The main difference lies in the use of the calibration models for prediction. In this context, the quantitative prediction can be carried out at an image level, i.e., using the mean or median spectrum of new images as input information to obtain bulk image concentration values or, more interestingly, at a pixel level [13, 24].
Quantitative predictions at a pixel level allow for obtaining concentration maps that clearly show other aspects connected with the spatial information, such as the presence of composition trends across the sample space, e.g., for certain food constituents [22, 31–34]. Indeed, food quality is no longer defined by a single quantitative composition parameter per constituent, but rather by the distribution across the sample surface of fat, moisture, or other relevant components. The measurement of moisture is related to important food quality attributes, and NIR imaging is highly suitable to determine this parameter. Thus, Kamruzzaman et al. [32] used the moisture determination and spatial distribution to determine the water holding capacity in meat, a parameter for which high values are desirable since they indicate a low drip loss when meat is cooked. He et al. [33] also used the determination and distribution of moisture in salmon fillets as a quality indicator. Likewise, many food products undergo crucial transformations, e.g., cheese ripening, where it is essential to have a quantitative spatial mapping of dehydration, proteolysis, and lipolysis during the process [31]. Fig. 2. Use of calibration in an HSI context. a Generation of a calibration model using the median spectra of several calibration images. Prediction performed at a global image level (from median spectra) or at a pixel level. b Example of a predicted concentration map of a sample containing 30% caffein. Related histogram based on pixel concentration values
The pharmaceutical field and, in general, any industrial application that involves the mixture of compounds to elaborate a final product requires a methodology that provides a good quantitative spatial description of the heterogeneity, an essential quality attribute in this context [35, 36]. The definition of heterogeneity takes as seeding information the pixel concentration values of the maps to build histograms or to derive more complex heterogeneity indicators based on approaches such as macropixel or variographic analysis [16, 35–38]. More on this aspect will be described in section “HSI and process understanding” linked to process understanding.

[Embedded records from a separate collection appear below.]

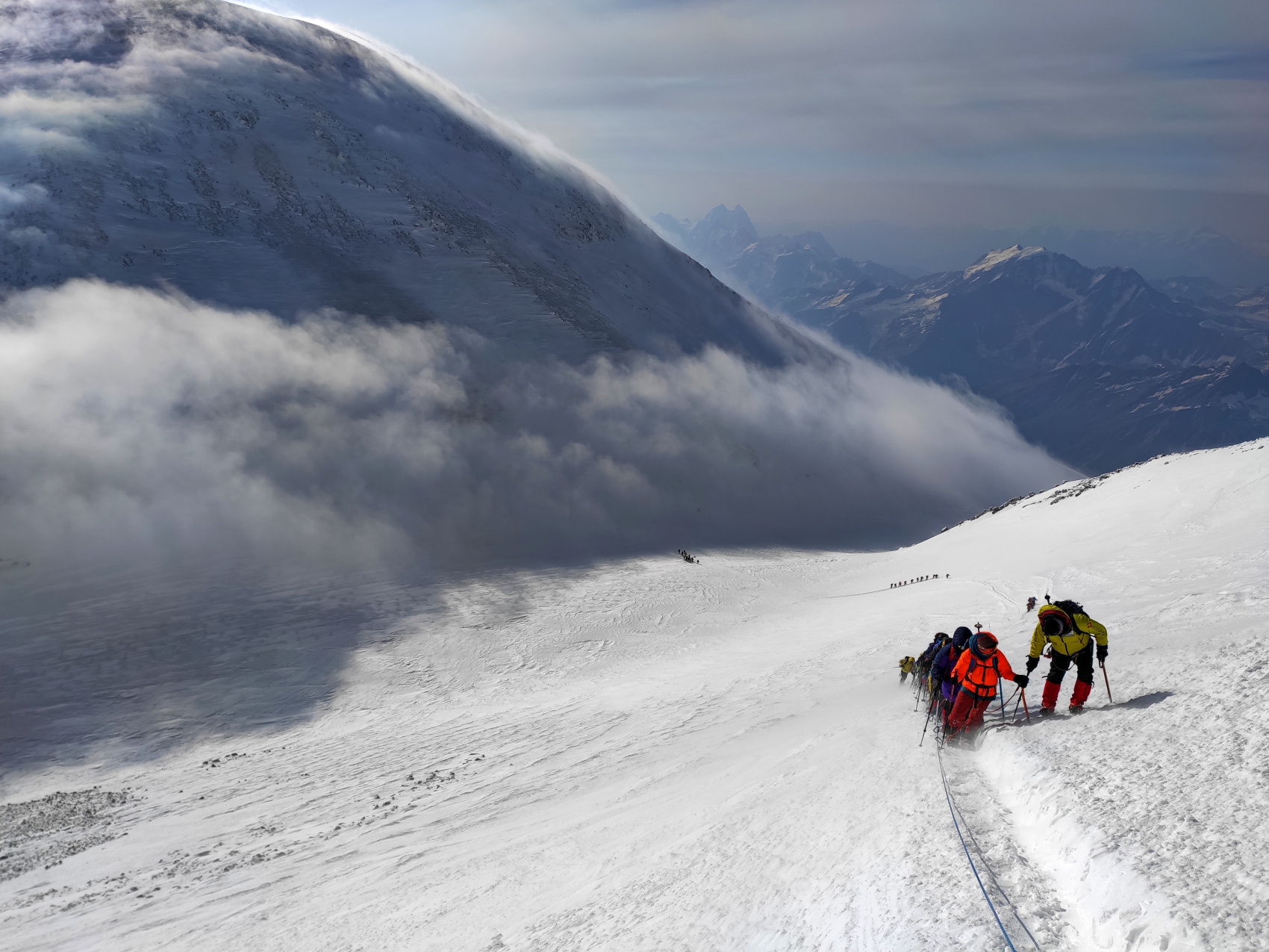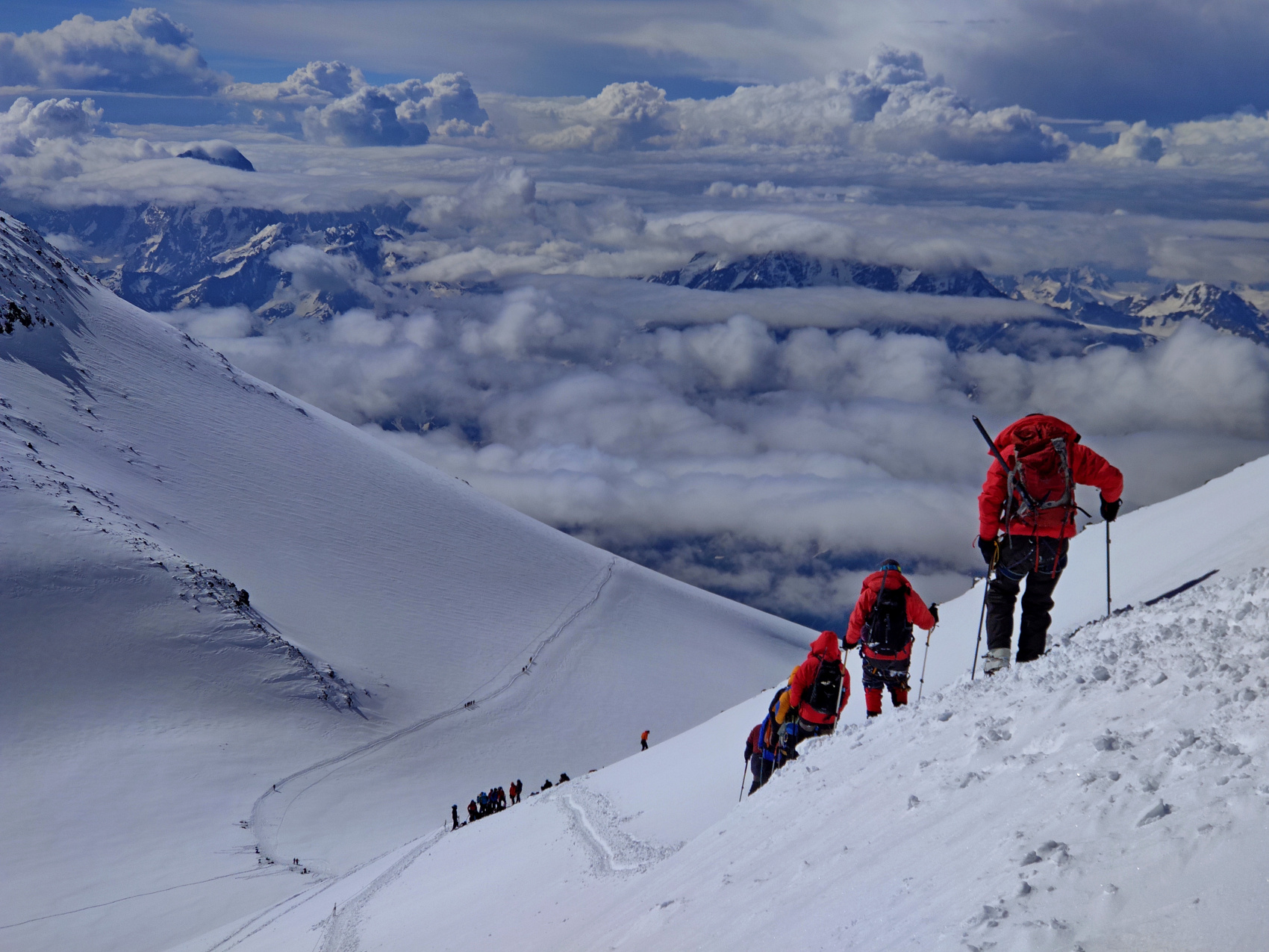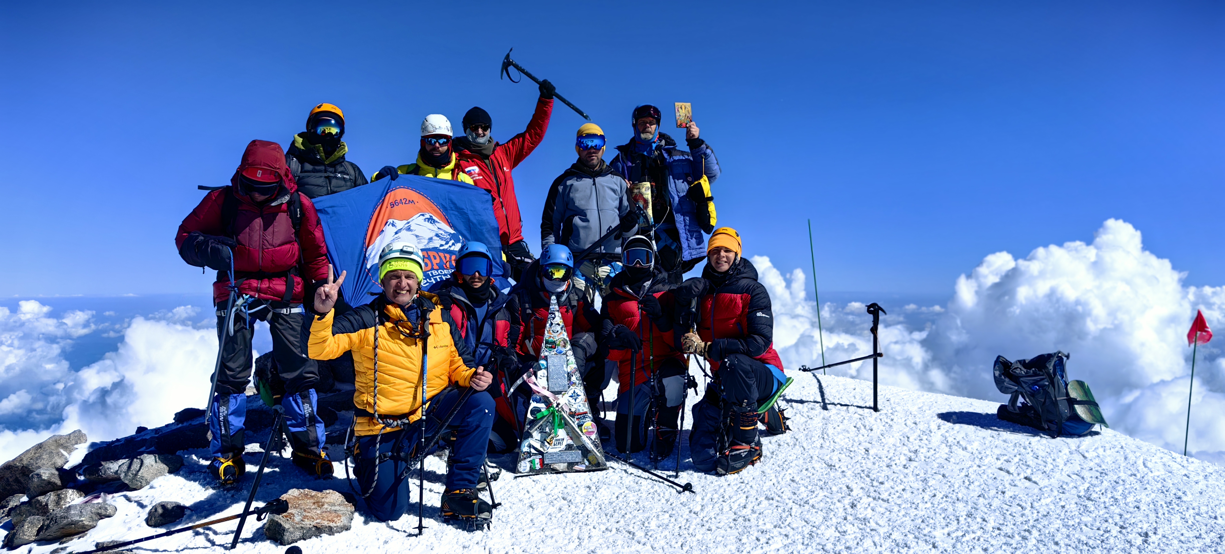 Эльбрус, высочайшая вершина Кавказа, России и Европы, высота Западной вершины 5642 метра, Восточной 5621 метр, при восхождении с Юга поднимаются на Западную вершину.
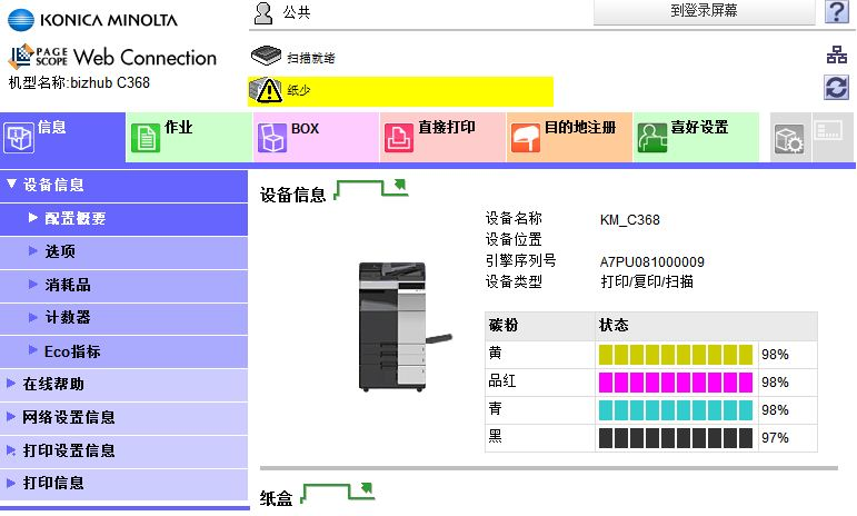 1)打開IE,在地址欄中輸入機器的IP地址進入Web Connection
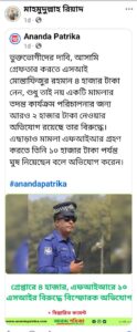 সম্প্রতি “আনন্দ পত্রিকা” নামের একটি অনলাইন পোর্টালের ফেসবুক পেইজে এসআই মোস্তাফিজুর রহমানের ছবি ব্যবহার করে ক্যাপশন সামাজিক যোগাযোগ মাধ্যমে প্রকাশ করলেও কার্যত ওয়েবসাইট ভিজিট করে এর তথ্য উপাত্তসহ বস্তুনিষ্ঠ কোন সংবাদ পাওয়া যায়নি।
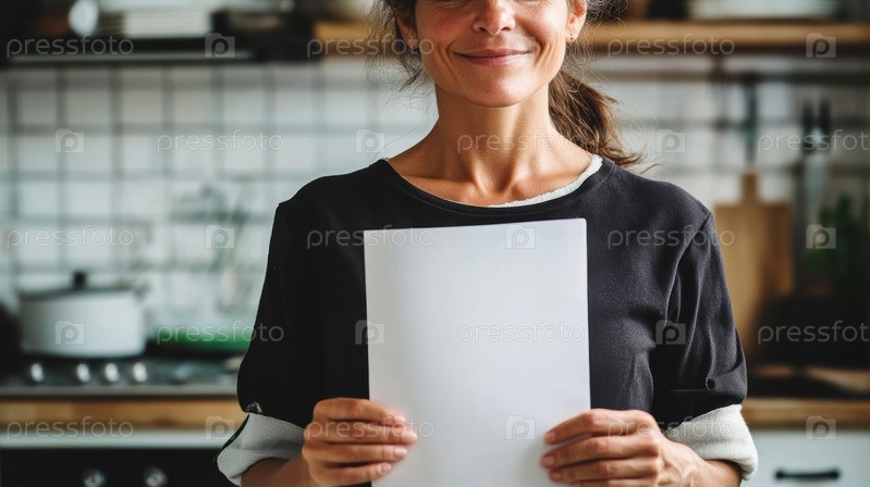 Веселая женщина стоит на своей прекрасной кухне, уверенно держит в руках белый лист бумаги и стремится к творческим идеям
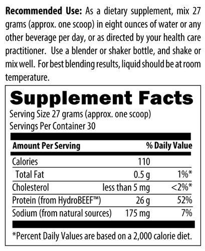 PurePaleo™ is a novel, great-tasting, dairy-free protein powder, yielding 21 g of protein per serving. It contains HydroBEEF™, a highly concentrated, bone broth protein isolate, produced through an exclusive proprietary process that allows the protein to be hydrolyzed into more peptides, resulting in easier absorption and assimilation. This product contains beef from animals raised in Sweden without hormones or antibiotics, and is free of any GMO grains, grasses, and/or ensilage.
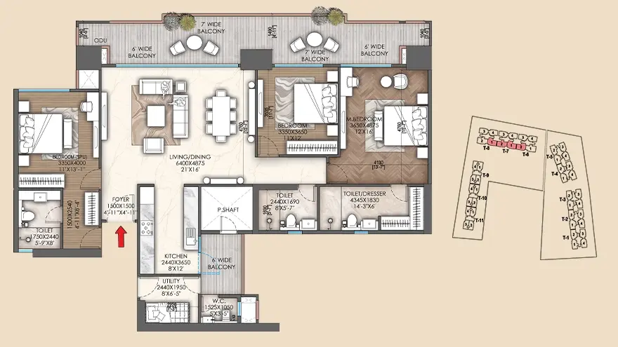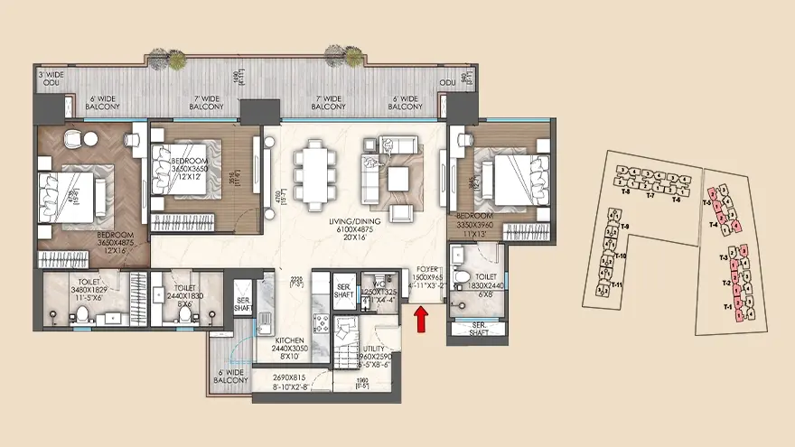 | 3 BHK + 3T + Utility - Type 1 | 2260 SQ.FT | ₹ 3.55 Cr |

It is important to note that the use of soft calibration sensors for imaging allows working off-line, taking the information of individual images previously recorded [16, 36–38], or on-line in a line-scanning context by predicting simultaneously the concentration values linked to each line of spectra in real-time [32, 33].
HSI and qualitative information
There are many PAT contexts where the image input is expected to provide qualitative information. For instance, in a sorting problem, the question may be whether an object is made of a certain material or not [23], or in a cereal moving stream, the interest may be detecting whether strange objects are present or not [39]. For all these questions, a positive answer needs to be linked with a location and, hence, the imaging measurement fits perfectly the purpose.
The qualitative questions above or similar ones may be answered in different ways. A first approach may be based on unsupervised clustering methods that, without using prior known information, will divide (segment) all the image surface scanned into different zones according to their chemical properties; i.e., pixels will be grouped according to their spectral (chemical) similarity. This option may be valid for off-line applications when an image collected can be fully analyzed and has a first exploratory value about the complexity of the material analyzed.
However, the most common option to obtain qualitative information in PAT contexts is provided by the so-called classification models that link the hyperspectral input to predefined qualitative class membership information. In a sorting problem, every kind of material defines a class; e.g., in the cereal moving stream case, the wheat can be a class, and anything out of it and different from a background may be identified as a strange object. In a classification context, the classification model is built off-line, based on images with objects or materials with a known class attribution. Once the model is built, it can be used off- or on-line to predict class information from new image inputs.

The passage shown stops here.